I felt a clap on my shoulder. “Juno.”
I recognized the voice without turning around. “Abdul,” I said, already grinning.
“What brings you here?”
I turned to look at my old friend. “Maggie asked me to come. She wanted to get an experienced detective's perspective.”
The coroner looked at me with eyebrows arched behind his superthick glasses. Abdul knew I couldn't be serious. He was well aware of the fact that I'd spent far more of my career strong-arming than I did Sherlocking. “I see,” he said noncommittally.
Abdul scanned the room, his magnified eyes swiveling through his specs. He took it all in: the blood, the block, the bloated body. “Looks familiar.”
“So I hear.”
“Got any wisdom for us, Juno?” It was Ian who was asking, a smug look on his face.

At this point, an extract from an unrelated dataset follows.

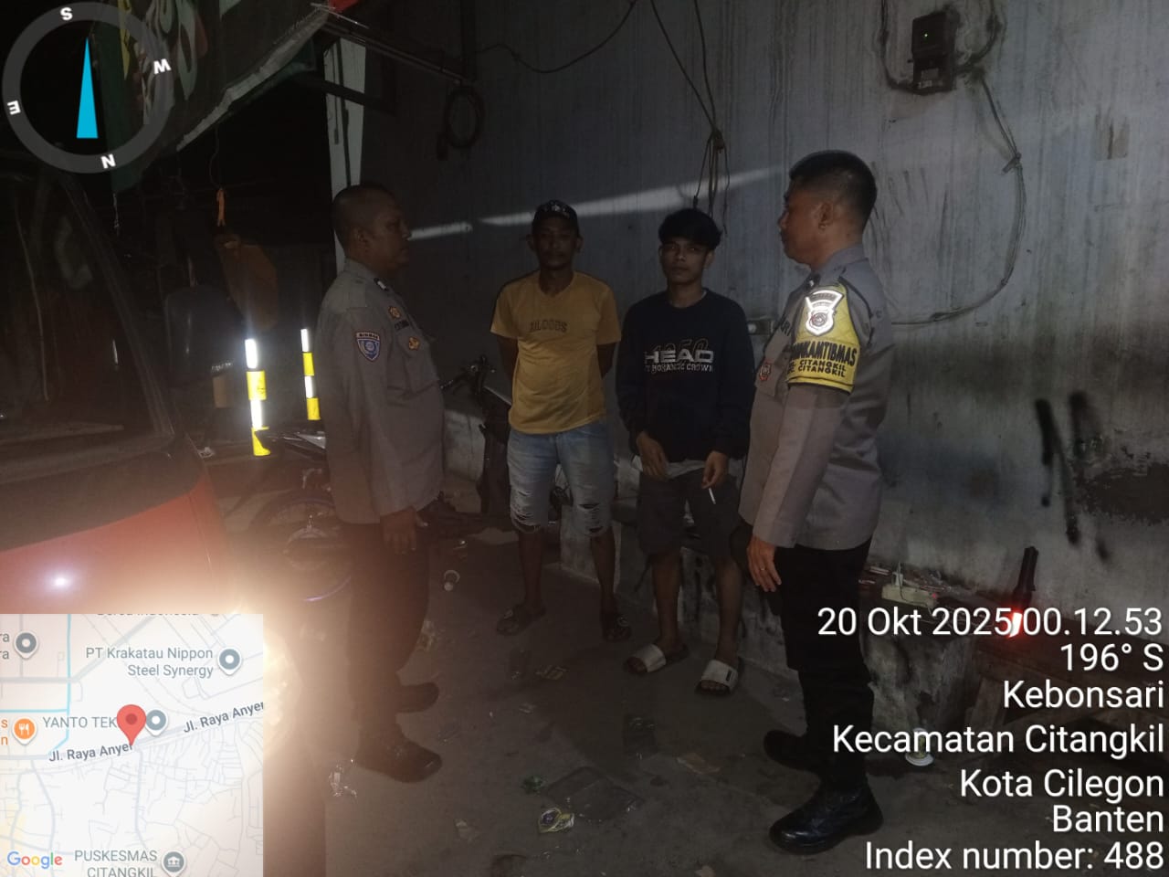 Cilegon - Personil Polsek Ciwandan Ciptakan situasi keamanan dan ketertiban di masyarakat (Kamtibmas) yang aman kondusif Dengan Melaksanakan kegiatan patroli malam guna mencegah gangguan kamtibmas dan kejahatan jalanan, Senin (20/10/2025).

“I'll need some time,” I responded.
“Didn't think so,” he said, and he walked out, brushing into me on his way. There was a time I would have jumped his ass for even coming close to me. Maybe Josephs was right; he was no pussy anymore.
The old coroner hunched his already hunched back over the jellied body of Officer Ramos. “This could get messy,” he stated.
Maggie and I took his cue and stepped out to give Abdul and his staff some space. It wasn't easy to bag a gene-eaten body-like zippering up a human-sized water balloon.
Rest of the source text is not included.